Electronic Network Frequency (ENF) techniques make use of the phenomenon of the unintentional recording of an ENF through interference. Electronic networks provide alternating current with a nominal frequency of 50 or 60 Hz, depending on the region. However, the real frequency of the current fluctuates around this value. The electronic equipment that is used for recordings captures this frequency fluctuation, which can act as a timestamp of the recording. It is possible to isolate and track the ENF in recordings to check whether there is phase inconsistency in the fluctuation, or even to find the exact time of the recording from the log files of the electronic networks [22,23,24,25].

Other approaches investigate the acoustic environment of the recording, such as the Signal-to-Reverberation ratio of a room [26,27]. The specifications of a recording device have also been proven to be traceable in research, providing an indicator of whether parts of an audio file were recorded with a different device [20,28,29,30]. Dynamic Acoustic Environment Identification (AEI) may rely on statistical techniques that rely on reverberation and background noise variance in a recording [31]. Machine learning techniques are proven to be very useful for acoustic environment identification. Machine learning models do not rely on the definition of a set of rules for decision-making, but require a dataset of pre-annotated samples to train a classification model that can identify different classes, in this case, acoustic environments [31,32,33].

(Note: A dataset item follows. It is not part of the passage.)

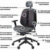 Кресла выполнены в черном цвете, что в сочетании с элементами настройки спинки, отделанными хромом, выглядит очень современно и статусно. На вкус покупателя, предоставляется четыре различных цвета обивочных материалов.

Another methodology for audio tampering detection investigates file encoding and compression characteristics. A huge number of highly configurable audio encodings are available that differ in terms of compression ratio, bitrate, use of low-pass filters, and more. A file that comes from audio splicing is very likely to contain segments encoded with different configurations, which can be traceable [34,35,36]. Most encoding schemes depend on psychoacoustic models that apply algorithms to discard redundant, inaudible frequencies. The Modified Discrete Cosine Transform (MDCT) coefficients can be investigated using statistical or machine learning methods to detect outliers in specific segments of the file [37]. Even when the file is reencoded in another format, there are often traces of the effect of previous compression algorithms [38,39,40,41].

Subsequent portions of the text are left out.